Anatomy of a winner

 

Way back in time when the UK had a decent sized motorcycle industry, accepted wisdom decreed success in trials required a four-stroke single of 350cc or 500cc capacity, with no rear suspension – woe betide anyone who dare say otherwise. The problem with accepted wisdom is there are those who have little time for it and go against it either intentionally or because they feel it doesn’t matter.

Looking at the rear suspension aspect to begin with, Royal Enfield works rider Johnny Brittain had little option but to ride a trials bike with rear springing, as that’s what his employers made.

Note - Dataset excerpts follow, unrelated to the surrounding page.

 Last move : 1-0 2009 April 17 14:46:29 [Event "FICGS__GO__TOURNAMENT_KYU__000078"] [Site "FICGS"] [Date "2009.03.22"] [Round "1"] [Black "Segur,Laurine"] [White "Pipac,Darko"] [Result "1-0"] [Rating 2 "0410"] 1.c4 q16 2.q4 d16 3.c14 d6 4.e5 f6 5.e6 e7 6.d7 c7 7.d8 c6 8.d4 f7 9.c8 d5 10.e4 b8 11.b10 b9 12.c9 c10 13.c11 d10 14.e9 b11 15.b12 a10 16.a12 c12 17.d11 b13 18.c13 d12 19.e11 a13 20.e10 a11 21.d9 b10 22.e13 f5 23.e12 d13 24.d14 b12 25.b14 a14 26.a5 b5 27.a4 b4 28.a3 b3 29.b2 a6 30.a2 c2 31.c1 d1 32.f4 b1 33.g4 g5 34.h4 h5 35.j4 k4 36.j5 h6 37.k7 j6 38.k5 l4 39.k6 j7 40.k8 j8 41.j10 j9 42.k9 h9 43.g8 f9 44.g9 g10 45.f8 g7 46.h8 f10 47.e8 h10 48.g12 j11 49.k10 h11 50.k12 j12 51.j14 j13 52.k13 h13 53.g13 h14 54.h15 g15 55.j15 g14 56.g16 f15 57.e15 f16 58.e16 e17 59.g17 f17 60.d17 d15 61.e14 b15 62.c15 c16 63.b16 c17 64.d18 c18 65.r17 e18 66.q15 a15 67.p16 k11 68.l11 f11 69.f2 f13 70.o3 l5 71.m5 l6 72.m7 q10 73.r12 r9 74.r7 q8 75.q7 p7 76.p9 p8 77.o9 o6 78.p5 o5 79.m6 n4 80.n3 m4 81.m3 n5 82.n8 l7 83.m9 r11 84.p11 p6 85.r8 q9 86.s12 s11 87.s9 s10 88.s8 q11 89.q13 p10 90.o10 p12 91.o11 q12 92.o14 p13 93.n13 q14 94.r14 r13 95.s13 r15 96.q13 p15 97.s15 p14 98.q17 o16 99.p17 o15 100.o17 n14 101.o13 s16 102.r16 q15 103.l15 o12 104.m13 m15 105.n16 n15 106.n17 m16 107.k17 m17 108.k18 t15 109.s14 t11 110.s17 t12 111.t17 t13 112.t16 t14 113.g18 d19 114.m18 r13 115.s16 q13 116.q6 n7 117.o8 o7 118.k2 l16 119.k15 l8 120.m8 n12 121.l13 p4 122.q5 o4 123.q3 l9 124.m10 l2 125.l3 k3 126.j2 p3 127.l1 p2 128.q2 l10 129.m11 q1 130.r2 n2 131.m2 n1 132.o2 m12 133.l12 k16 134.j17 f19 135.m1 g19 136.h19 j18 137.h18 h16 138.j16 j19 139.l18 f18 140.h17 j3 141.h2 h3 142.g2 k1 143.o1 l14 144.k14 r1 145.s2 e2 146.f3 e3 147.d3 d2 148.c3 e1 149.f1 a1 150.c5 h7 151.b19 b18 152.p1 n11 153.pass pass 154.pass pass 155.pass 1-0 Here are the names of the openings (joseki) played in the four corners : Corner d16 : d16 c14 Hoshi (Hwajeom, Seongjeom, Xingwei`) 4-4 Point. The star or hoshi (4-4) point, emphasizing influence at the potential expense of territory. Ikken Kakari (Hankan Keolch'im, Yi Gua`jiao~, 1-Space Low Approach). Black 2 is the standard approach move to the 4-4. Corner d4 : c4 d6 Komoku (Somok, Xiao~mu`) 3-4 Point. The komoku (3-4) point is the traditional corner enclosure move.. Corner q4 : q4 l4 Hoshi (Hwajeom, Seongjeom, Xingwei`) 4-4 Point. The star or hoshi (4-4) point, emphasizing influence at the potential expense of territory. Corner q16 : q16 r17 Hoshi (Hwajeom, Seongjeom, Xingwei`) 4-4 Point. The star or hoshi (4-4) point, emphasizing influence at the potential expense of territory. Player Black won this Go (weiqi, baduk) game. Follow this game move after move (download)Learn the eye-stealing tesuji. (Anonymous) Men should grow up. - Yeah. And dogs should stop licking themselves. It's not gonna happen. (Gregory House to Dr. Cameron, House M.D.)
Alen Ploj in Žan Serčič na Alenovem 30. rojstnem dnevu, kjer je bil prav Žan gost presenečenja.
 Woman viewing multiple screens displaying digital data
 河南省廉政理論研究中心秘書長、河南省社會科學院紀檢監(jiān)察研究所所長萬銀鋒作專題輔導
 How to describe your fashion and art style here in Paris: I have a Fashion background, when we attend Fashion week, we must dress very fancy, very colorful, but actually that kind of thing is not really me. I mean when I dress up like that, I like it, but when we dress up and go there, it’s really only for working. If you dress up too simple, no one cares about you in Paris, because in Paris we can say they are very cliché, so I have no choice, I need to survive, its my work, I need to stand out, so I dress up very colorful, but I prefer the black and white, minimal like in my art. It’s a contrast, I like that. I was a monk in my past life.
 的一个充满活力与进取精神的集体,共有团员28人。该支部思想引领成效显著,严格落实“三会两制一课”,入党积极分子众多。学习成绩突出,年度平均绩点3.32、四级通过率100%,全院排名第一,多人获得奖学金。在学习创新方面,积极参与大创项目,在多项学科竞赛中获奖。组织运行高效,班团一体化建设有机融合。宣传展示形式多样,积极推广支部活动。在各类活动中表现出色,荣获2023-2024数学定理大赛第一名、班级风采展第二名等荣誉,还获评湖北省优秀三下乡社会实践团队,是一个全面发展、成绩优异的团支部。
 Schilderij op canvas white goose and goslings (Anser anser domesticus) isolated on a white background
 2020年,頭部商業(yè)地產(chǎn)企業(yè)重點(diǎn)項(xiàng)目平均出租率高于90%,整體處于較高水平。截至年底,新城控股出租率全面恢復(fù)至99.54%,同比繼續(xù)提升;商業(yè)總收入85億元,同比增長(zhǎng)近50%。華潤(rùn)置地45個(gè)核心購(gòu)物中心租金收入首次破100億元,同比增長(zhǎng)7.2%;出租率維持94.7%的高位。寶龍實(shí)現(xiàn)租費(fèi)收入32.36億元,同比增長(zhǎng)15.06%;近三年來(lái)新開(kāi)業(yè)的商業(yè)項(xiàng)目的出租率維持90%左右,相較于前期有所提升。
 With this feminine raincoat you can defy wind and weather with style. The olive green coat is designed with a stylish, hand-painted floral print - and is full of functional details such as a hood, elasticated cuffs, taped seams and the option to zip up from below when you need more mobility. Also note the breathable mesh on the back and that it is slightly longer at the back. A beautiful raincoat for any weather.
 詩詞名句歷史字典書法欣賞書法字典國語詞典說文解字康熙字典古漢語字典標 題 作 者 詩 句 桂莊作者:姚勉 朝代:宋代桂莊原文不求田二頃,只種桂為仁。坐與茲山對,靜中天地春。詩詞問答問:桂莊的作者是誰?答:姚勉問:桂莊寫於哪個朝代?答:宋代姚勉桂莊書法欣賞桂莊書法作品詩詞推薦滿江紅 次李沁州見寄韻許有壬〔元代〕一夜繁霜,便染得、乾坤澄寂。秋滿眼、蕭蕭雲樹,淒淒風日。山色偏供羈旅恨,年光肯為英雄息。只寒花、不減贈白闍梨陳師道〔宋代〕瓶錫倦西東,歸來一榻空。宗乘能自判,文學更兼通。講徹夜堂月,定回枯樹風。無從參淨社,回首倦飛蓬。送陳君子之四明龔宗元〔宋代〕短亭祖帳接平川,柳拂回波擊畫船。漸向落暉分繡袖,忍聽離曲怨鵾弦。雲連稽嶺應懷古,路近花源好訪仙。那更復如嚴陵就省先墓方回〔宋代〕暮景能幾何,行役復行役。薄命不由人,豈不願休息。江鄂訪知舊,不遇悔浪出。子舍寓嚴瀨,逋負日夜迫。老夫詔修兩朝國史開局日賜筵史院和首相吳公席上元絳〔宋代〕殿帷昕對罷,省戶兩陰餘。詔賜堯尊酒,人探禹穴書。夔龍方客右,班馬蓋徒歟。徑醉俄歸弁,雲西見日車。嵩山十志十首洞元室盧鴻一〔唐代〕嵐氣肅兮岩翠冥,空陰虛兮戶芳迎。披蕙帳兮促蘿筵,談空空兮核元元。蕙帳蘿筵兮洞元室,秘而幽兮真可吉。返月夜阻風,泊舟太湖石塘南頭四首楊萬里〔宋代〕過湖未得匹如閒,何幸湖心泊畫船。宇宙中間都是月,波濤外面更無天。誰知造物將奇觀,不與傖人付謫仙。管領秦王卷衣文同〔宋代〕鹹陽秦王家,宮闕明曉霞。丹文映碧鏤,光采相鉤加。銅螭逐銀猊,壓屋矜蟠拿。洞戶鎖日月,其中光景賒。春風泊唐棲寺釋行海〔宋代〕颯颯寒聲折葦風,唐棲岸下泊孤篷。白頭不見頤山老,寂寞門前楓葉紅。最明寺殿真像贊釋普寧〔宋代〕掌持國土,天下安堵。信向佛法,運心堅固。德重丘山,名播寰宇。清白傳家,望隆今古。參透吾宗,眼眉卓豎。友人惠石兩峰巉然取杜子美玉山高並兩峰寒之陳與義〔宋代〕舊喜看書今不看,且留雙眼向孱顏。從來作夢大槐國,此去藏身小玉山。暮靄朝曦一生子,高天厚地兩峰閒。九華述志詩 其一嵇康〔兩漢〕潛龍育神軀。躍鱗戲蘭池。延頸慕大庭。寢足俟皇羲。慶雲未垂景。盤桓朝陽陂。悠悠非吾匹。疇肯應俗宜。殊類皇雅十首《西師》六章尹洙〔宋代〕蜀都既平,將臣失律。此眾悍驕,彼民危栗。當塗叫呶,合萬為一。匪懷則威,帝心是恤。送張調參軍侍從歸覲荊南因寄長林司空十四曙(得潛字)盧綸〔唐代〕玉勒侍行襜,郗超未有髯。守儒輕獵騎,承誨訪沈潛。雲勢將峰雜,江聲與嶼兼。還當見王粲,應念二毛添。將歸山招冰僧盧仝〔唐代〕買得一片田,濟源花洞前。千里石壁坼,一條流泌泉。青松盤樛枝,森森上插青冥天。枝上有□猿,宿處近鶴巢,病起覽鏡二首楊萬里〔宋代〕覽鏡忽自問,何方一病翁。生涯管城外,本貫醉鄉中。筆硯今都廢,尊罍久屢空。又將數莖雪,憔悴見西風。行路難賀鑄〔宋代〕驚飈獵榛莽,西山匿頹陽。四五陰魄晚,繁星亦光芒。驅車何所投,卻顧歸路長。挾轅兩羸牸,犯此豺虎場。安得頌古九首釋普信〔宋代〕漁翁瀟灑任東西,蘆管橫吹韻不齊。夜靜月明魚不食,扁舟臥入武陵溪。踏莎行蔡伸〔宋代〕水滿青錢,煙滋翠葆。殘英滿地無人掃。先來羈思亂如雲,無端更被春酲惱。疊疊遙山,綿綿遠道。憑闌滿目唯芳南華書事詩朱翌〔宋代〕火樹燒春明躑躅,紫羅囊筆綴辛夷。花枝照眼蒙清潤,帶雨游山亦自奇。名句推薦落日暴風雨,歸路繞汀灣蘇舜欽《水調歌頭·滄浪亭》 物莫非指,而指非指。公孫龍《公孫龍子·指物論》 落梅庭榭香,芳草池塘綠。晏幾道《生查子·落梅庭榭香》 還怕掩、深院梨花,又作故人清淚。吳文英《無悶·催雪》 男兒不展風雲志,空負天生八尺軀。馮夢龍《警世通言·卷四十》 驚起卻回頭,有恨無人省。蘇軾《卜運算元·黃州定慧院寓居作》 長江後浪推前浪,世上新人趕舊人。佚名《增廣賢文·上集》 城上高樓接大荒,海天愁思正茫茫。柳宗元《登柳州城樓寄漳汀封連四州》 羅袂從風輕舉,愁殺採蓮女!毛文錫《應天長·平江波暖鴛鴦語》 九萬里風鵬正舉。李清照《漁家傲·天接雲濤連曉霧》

He was pitied for this as the world stayed rigid… until fate stepped in and one of his contemporaries also tried rear suspension – suddenly the world went sprung.

“Okay,” said the pundits “but they’re still riding big bikes so we were right…” Nobody mentioned this to Bill Lomas when he rode a 197cc James two-stroke to success in a national trial, or to Roy Peplow when he won the SSDT on a 200cc Cub and the list of instances where the accepted wisdom falls flat goes on.

I’m not sure if 2017 Pre-65 Scottish winner Gary Macdonald had heard those who said ‘yes, a good win but it’s a lightweight bike…’ about his win on a Drayton Bantam. The inference being had he been mounted on a bigger bike, things would be different… And so they were, as for 2018 the Kinlochleven joiner won on a bigger bike, a 350 Triumph twin. It is an interesting concept as both Triumph factory riders of the classic period – John Giles and Roy Peplow – rode unit twin based machines and allowed later that neither machine was exactly brilliant for trials. So, the accepted wisdom became ‘Triumph unit twins are no good for trials’ except there were those out there who felt otherwise.